Brief - With pictures left out, copy exactly every line from the one containing "2013高考四川理科綜合試題及答案(清晰版)【7】" through the end of the material.

* * * * * * * * *

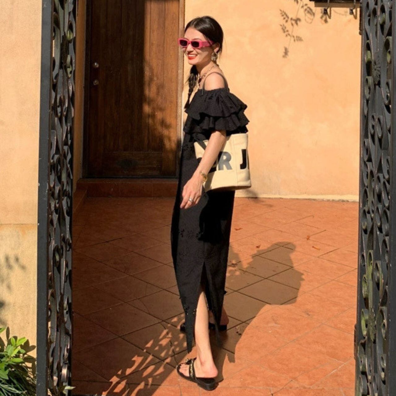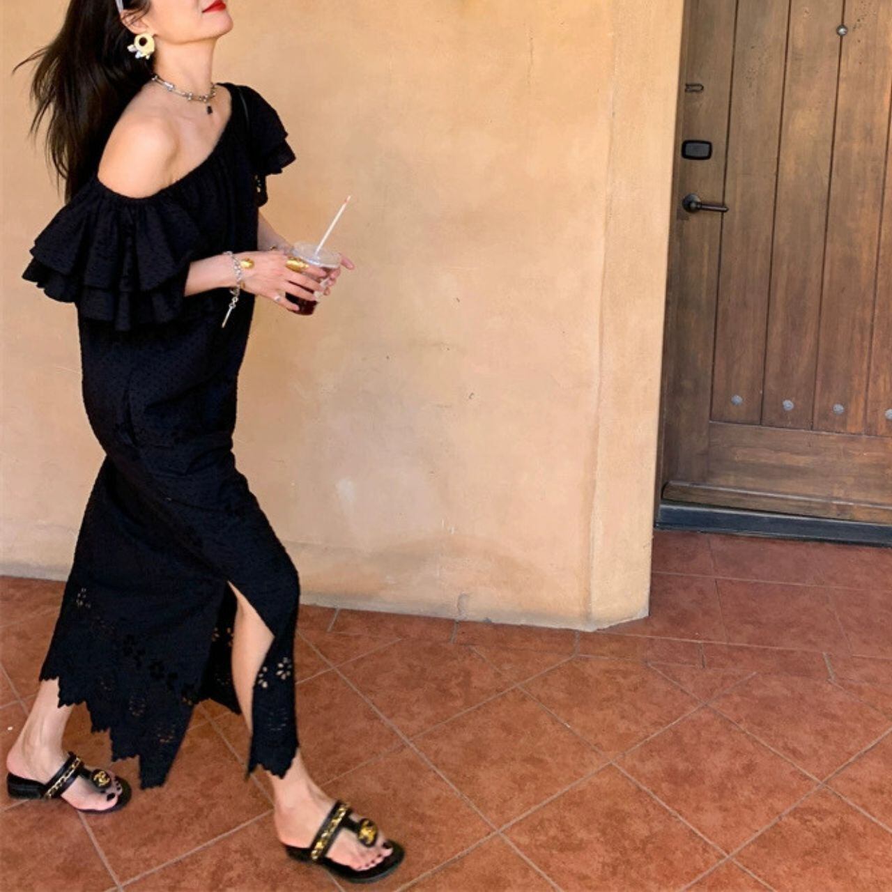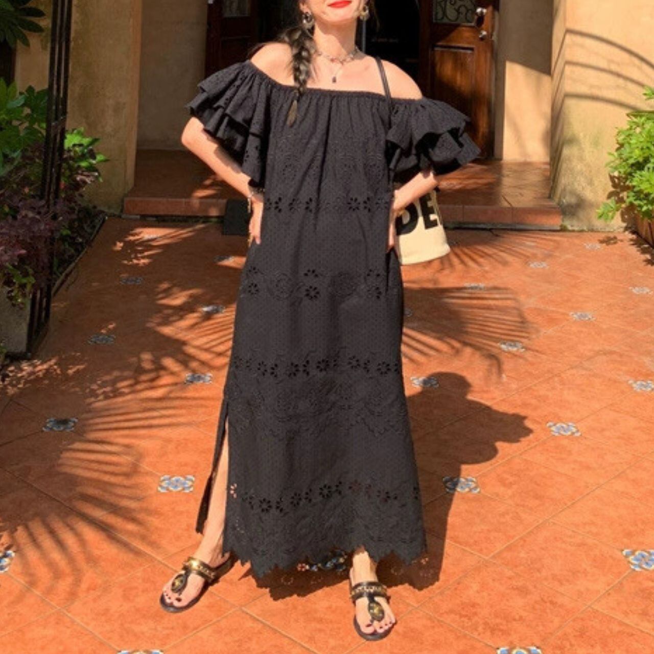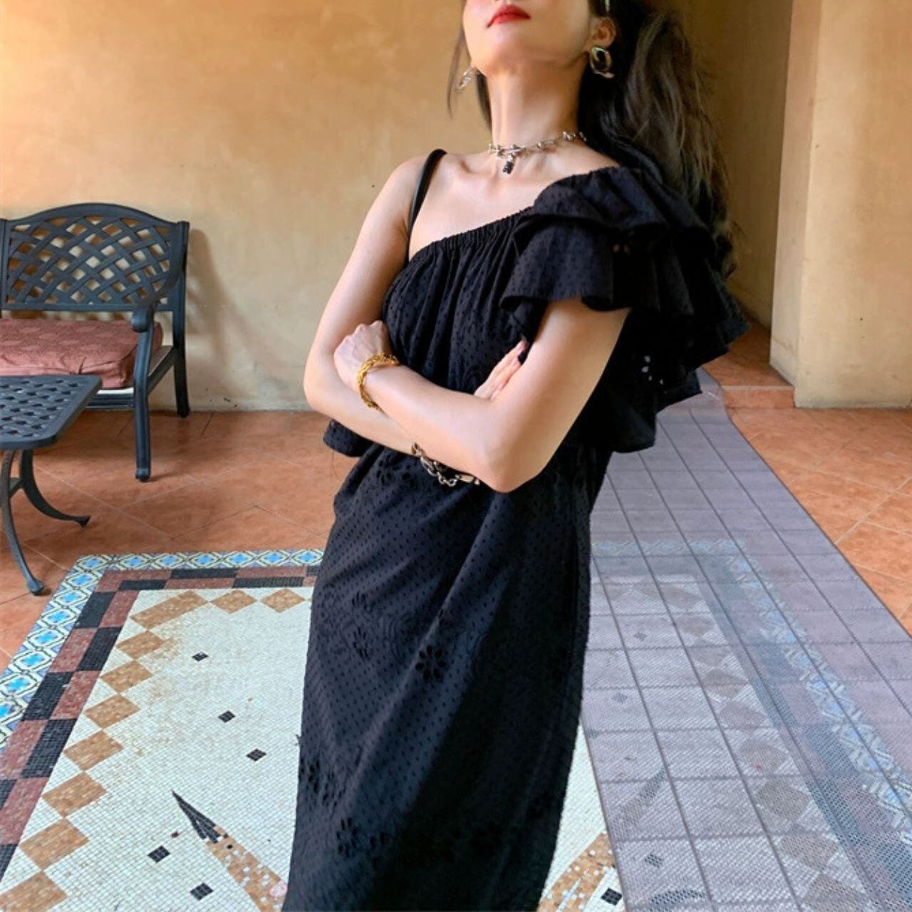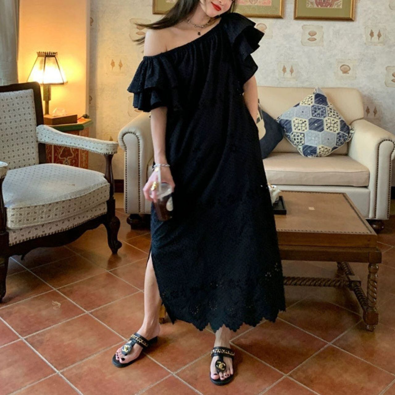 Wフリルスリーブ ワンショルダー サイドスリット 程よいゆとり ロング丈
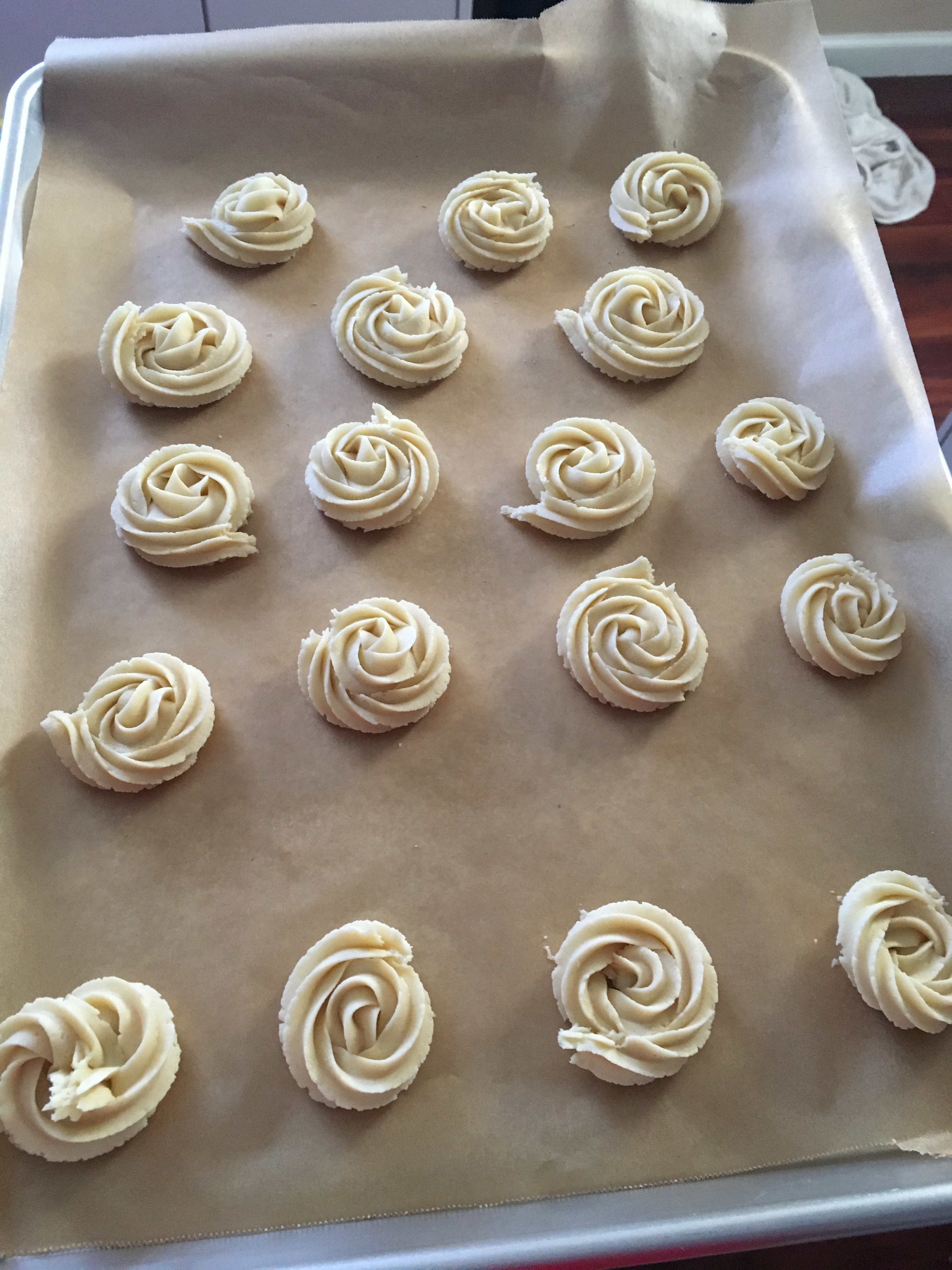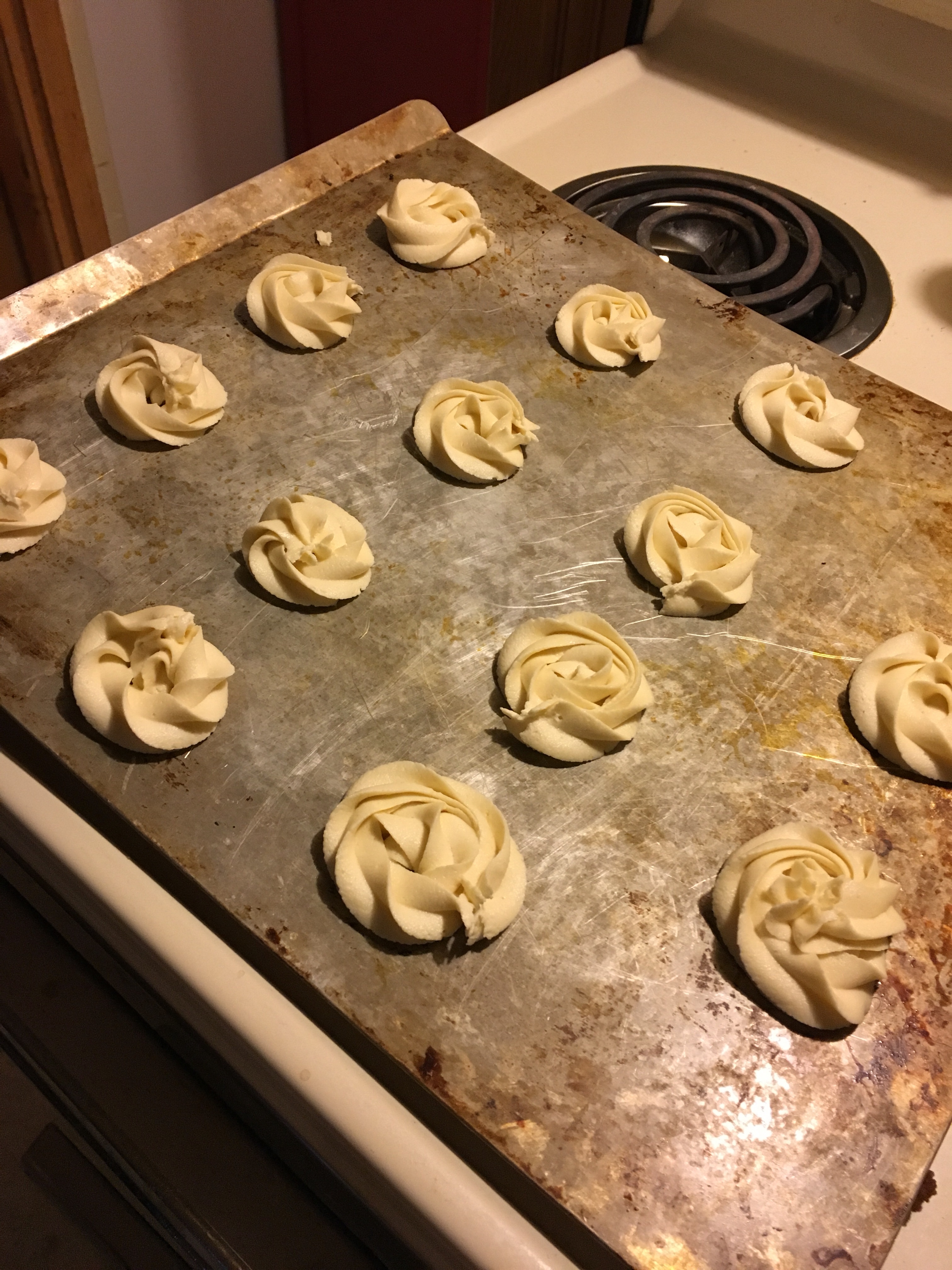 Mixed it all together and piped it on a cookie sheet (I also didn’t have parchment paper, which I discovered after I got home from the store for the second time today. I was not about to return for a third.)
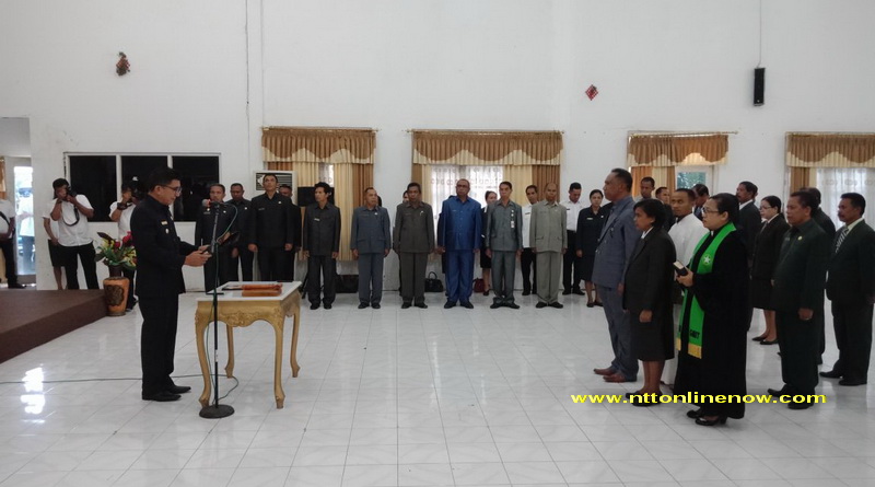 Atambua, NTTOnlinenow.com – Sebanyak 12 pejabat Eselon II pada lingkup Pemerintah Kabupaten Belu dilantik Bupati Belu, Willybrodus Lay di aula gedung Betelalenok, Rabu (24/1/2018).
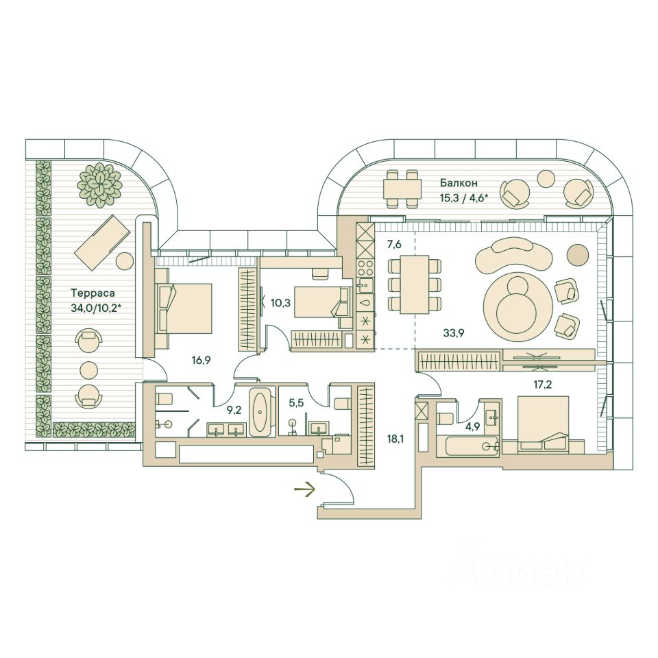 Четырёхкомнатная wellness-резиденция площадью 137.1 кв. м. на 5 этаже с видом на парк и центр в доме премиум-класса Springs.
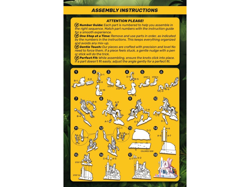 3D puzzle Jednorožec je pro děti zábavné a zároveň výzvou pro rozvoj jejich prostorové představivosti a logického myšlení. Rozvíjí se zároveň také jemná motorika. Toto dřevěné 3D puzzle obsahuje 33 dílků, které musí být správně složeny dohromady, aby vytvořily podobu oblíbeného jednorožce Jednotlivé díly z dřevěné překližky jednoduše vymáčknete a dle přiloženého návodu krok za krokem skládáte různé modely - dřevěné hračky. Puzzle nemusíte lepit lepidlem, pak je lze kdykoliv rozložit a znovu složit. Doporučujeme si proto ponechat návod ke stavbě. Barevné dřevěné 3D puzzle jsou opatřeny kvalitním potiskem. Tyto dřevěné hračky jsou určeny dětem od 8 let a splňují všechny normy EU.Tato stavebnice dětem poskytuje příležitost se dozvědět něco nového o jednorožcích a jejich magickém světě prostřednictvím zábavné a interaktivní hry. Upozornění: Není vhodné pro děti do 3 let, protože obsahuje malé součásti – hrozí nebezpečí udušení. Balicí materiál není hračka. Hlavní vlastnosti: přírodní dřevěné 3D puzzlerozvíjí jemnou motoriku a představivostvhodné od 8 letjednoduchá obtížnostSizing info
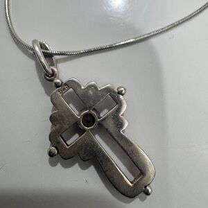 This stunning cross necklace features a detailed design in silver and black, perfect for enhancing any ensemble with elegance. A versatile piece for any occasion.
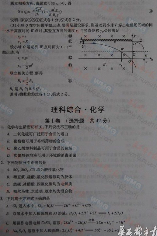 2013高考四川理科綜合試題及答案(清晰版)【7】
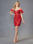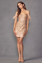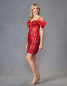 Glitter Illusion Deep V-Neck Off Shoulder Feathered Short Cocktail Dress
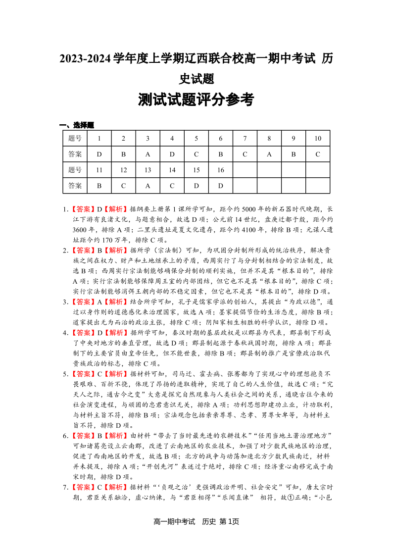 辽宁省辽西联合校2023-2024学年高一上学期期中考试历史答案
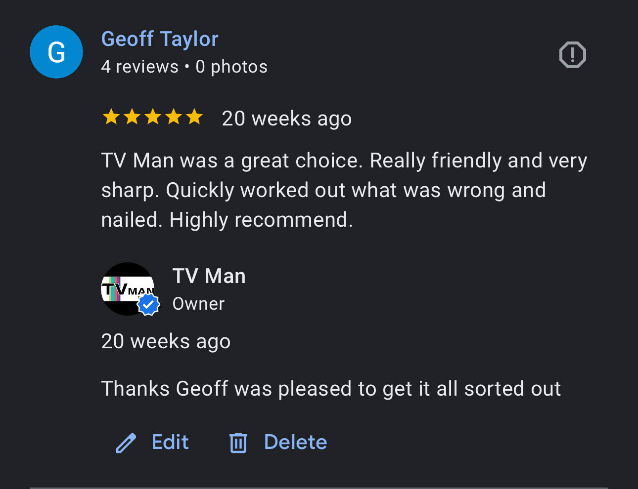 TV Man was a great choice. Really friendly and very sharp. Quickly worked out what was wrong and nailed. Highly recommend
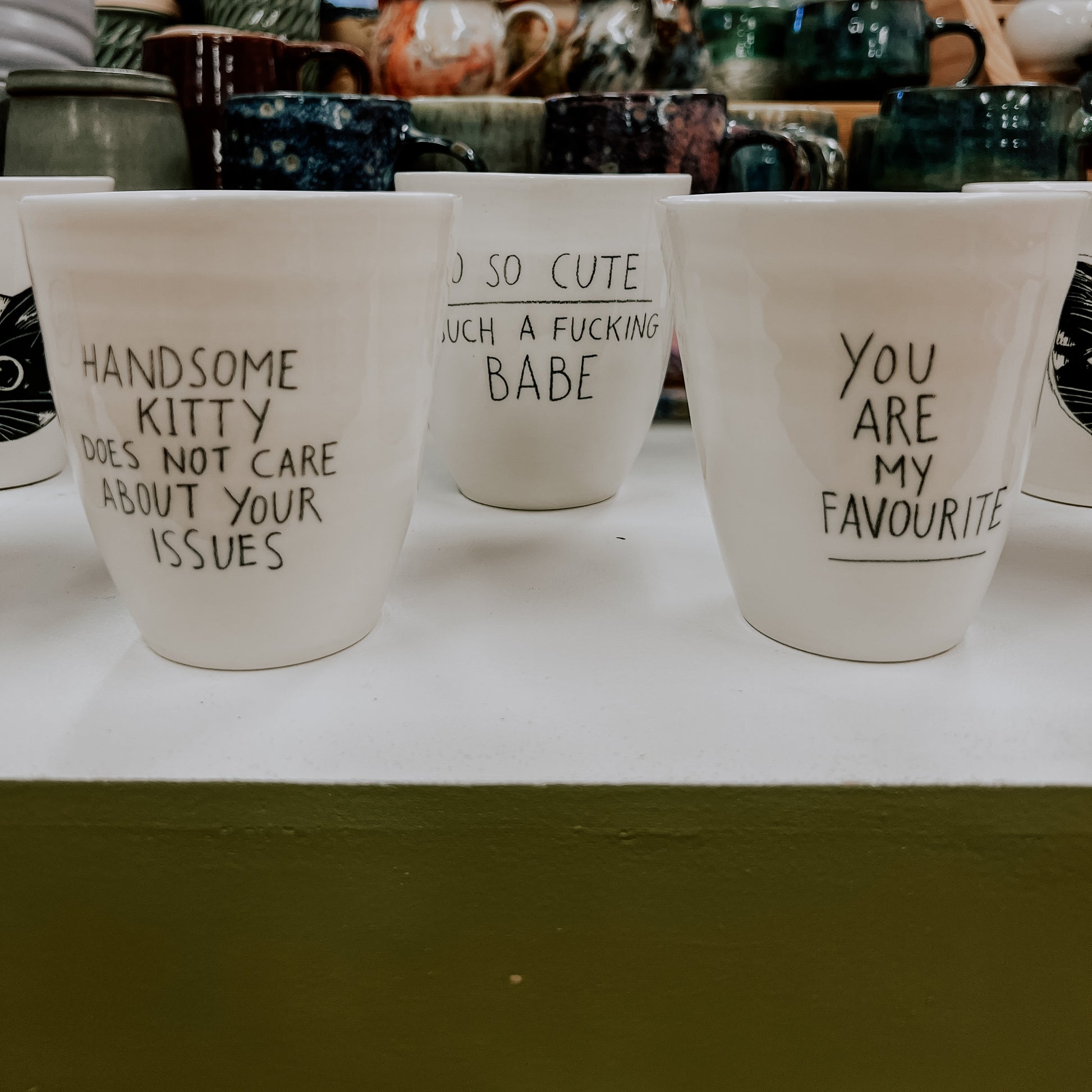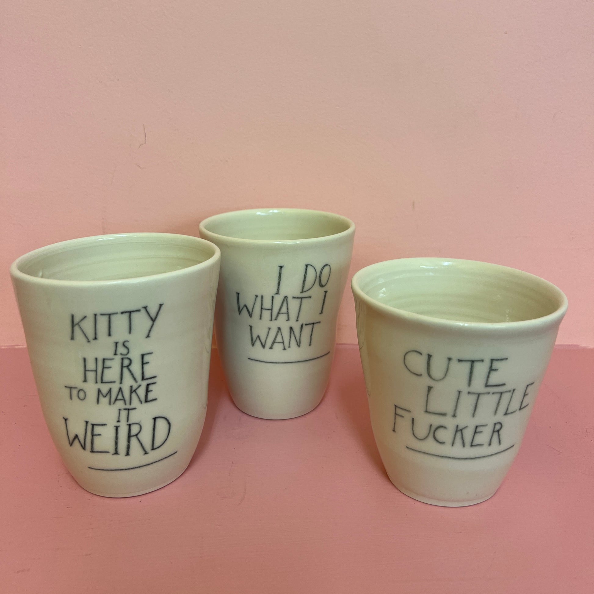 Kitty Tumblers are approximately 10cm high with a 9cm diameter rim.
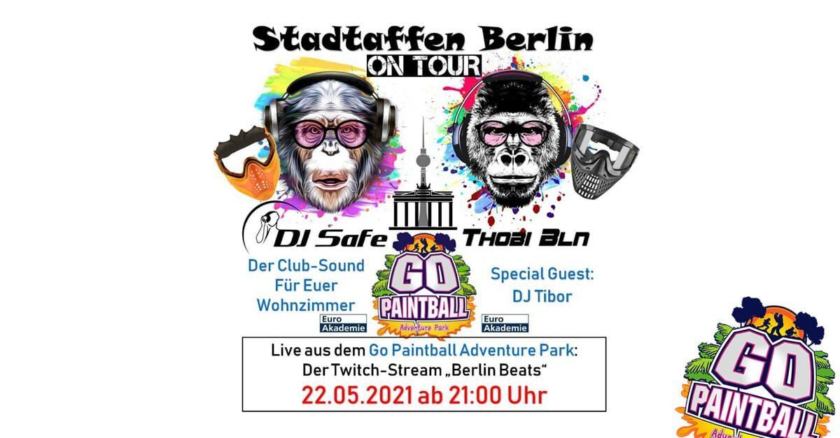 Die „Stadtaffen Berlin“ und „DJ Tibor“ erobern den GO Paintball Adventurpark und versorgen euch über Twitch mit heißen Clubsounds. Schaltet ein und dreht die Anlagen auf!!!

* * * * * * * * *

Result for this task -
 2013高考四川理科綜合試題及答案(清晰版)【7】
 Glitter Illusion Deep V-Neck Off Shoulder Feathered Short Cocktail Dress
 辽宁省辽西联合校2023-2024学年高一上学期期中考试历史答案
 TV Man was a great choice. Really friendly and very sharp. Quickly worked out what was wrong and nailed. Highly recommend
 Kitty Tumblers are approximately 10cm high with a 9cm diameter rim.
 Die „Stadtaffen Berlin“ und „DJ Tibor“ erobern den GO Paintball Adventurpark und versorgen euch über Twitch mit heißen Clubsounds. Schaltet ein und dreht die Anlagen auf!!!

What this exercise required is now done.